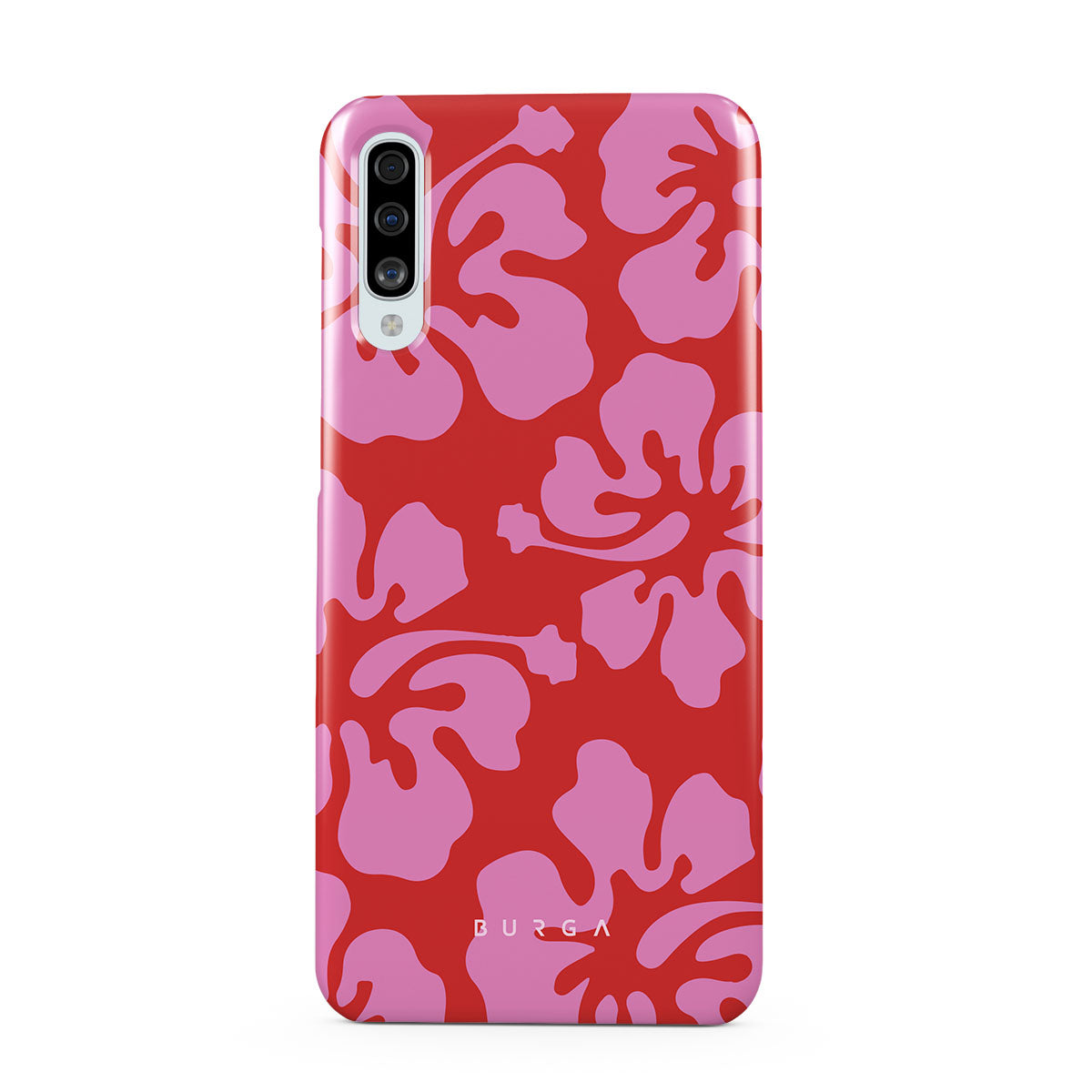 Dive into a sea of floral fantasy with Me Gustas Tu. Featuring oversized coral-toned blooms against a fiery backdrop, this Samsung Galaxy A50 phone case design captures the wild heart of tropical flowers—perfect for those who want to carry a touch of exotic flair.
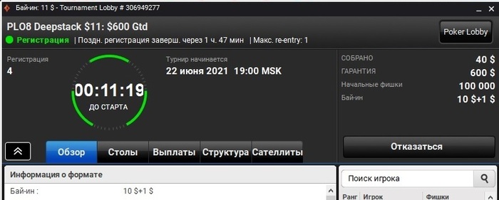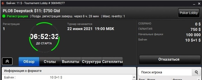 Позавчера я думал, что мне показалось, что днем зарегистрировался в вечернем турнире с гарантией 750$, а сам турнир в итоге прошел с гарантией 600$, вчера специально заскринил и оказался прав, когда я только зарегался в турнире одна гарантия:
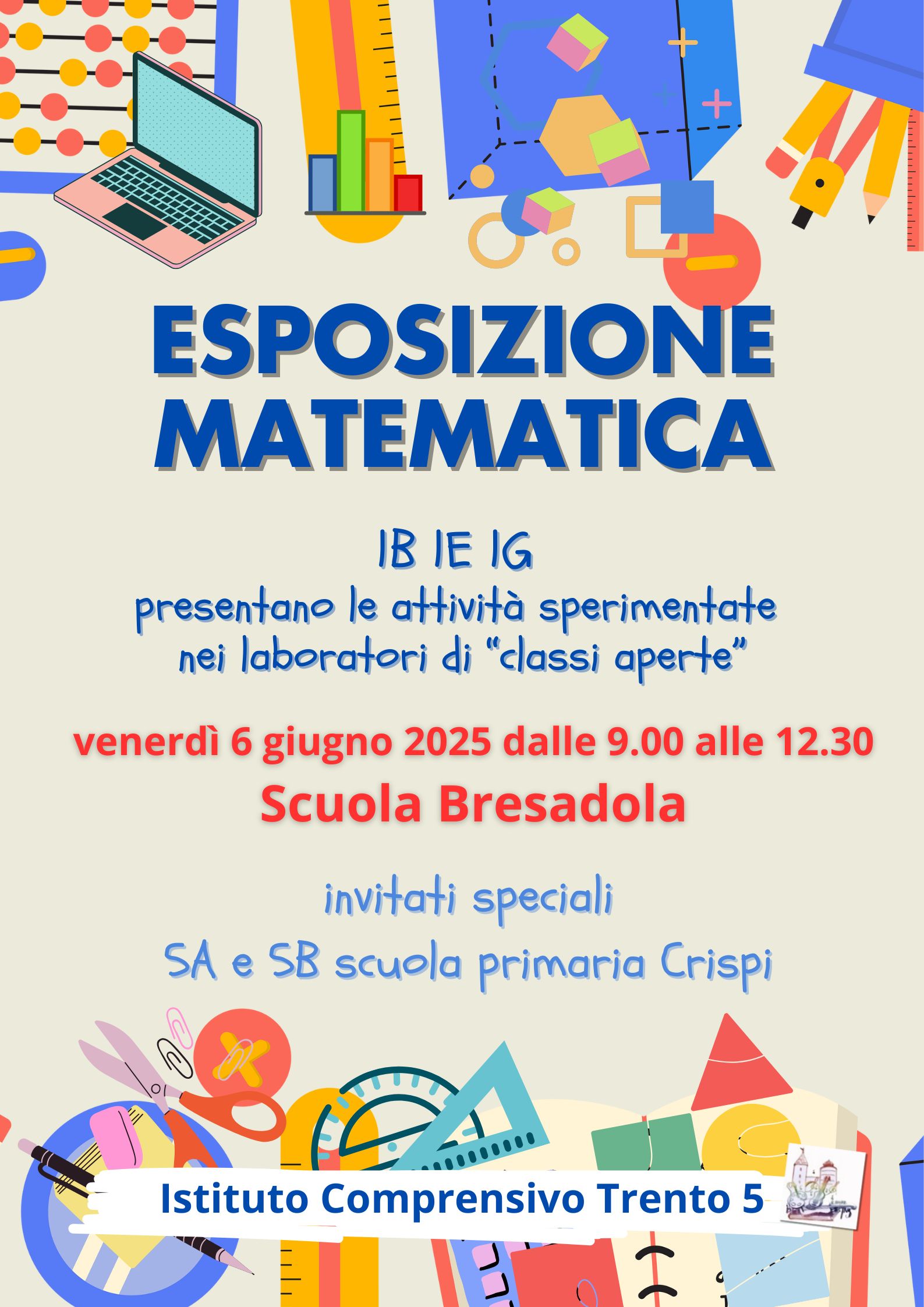 Il 6 giugno 2025 presso la Scuola Bresadola in orario 9.00 - 10.30 e 11.00 - 12.30, le classi 1B, 1E, 1G, hanno presentato i laboraori di matematica sviluppati nel percorso di classi aperte 2024/25.
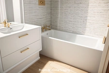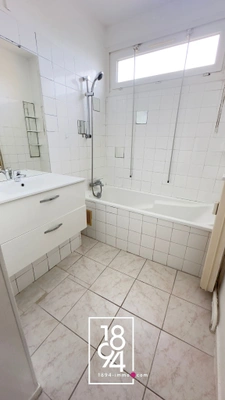 Salle de bains de 4 m² avec baignoire et meuble vasque récent.
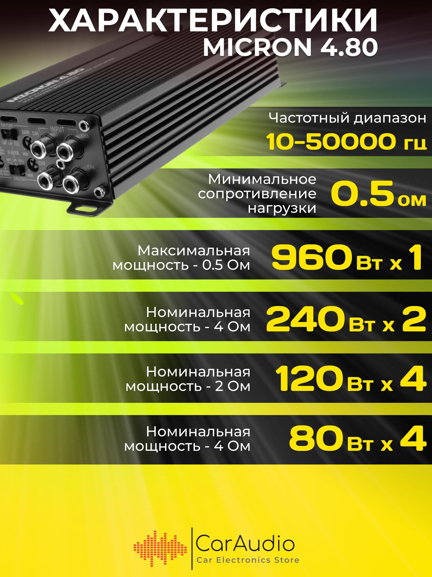 Усилитель автомобильный AMP MICRON 4.80 4 канала информация:
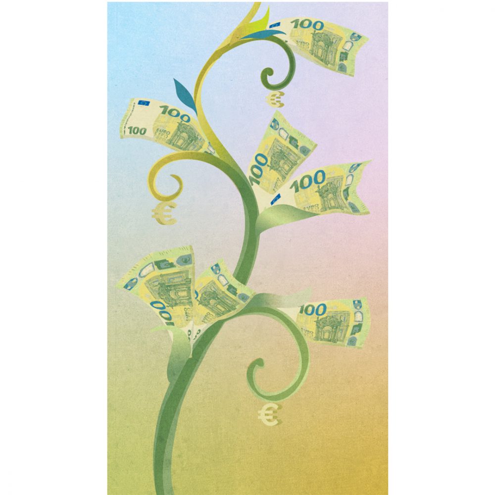 Placements Une série d’illustrations pour le cahier spécial placements « Nos bons plans pour 2020 ». Ok, ce n’est pas un sujet farouchement sexy, mais on peut toujours proposer un peu de légèreté. L’Express du 19 au 25 mars 2020
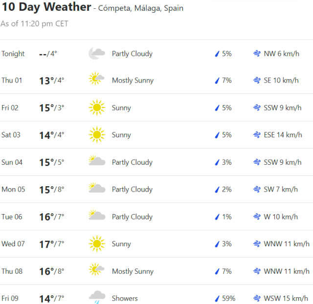 Local Weather: https://www.accuweather.com/en/es/torre-del-mar/306652/weather-forecast/306652
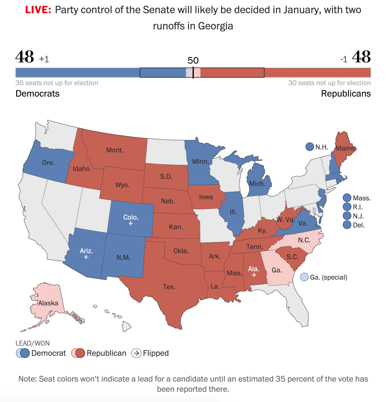 The White House will have limited power with a Republican Senate majority and specifically, the reputation of Senate majority leader Mitch McConnell to contend with. Senator McConnell has an obstructionist record under Obama where he opposed and blocked Democrative legislation, including nominations for administrative positions (cabinet secretaries, district court judges, and US attorneys). His recent support of President Trump’s legal challenges, saying that Trump is “100 percent within his right” to pursue recounts and litigation, may be a foretelling of things to come.
-------------------------
■ Exercise directions
If a picture appears among the entries, omit it and reproduce everything else exactly.

■ Expected answer
 Dive into a sea of floral fantasy with Me Gustas Tu. Featuring oversized coral-toned blooms against a fiery backdrop, this Samsung Galaxy A50 phone case design captures the wild heart of tropical flowers—perfect for those who want to carry a touch of exotic flair.
 Позавчера я думал, что мне показалось, что днем зарегистрировался в вечернем турнире с гарантией 750$, а сам турнир в итоге прошел с гарантией 600$, вчера специально заскринил и оказался прав, когда я только зарегался в турнире одна гарантия:
 Il 6 giugno 2025 presso la Scuola Bresadola in orario 9.00 - 10.30 e 11.00 - 12.30, le classi 1B, 1E, 1G, hanno presentato i laboraori di matematica sviluppati nel percorso di classi aperte 2024/25.
 Salle de bains de 4 m² avec baignoire et meuble vasque récent.
 Усилитель автомобильный AMP MICRON 4.80 4 канала информация:
 Placements Une série d’illustrations pour le cahier spécial placements « Nos bons plans pour 2020 ». Ok, ce n’est pas un sujet farouchement sexy, mais on peut toujours proposer un peu de légèreté. L’Express du 19 au 25 mars 2020
 Local Weather: https://www.accuweather.com/en/es/torre-del-mar/306652/weather-forecast/306652
 The White House will have limited power with a Republican Senate majority and specifically, the reputation of Senate majority leader Mitch McConnell to contend with. Senator McConnell has an obstructionist record under Obama where he opposed and blocked Democrative legislation, including nominations for administrative positions (cabinet secretaries, district court judges, and US attorneys). His recent support of President Trump’s legal challenges, saying that Trump is “100 percent within his right” to pursue recounts and litigation, may be a foretelling of things to come.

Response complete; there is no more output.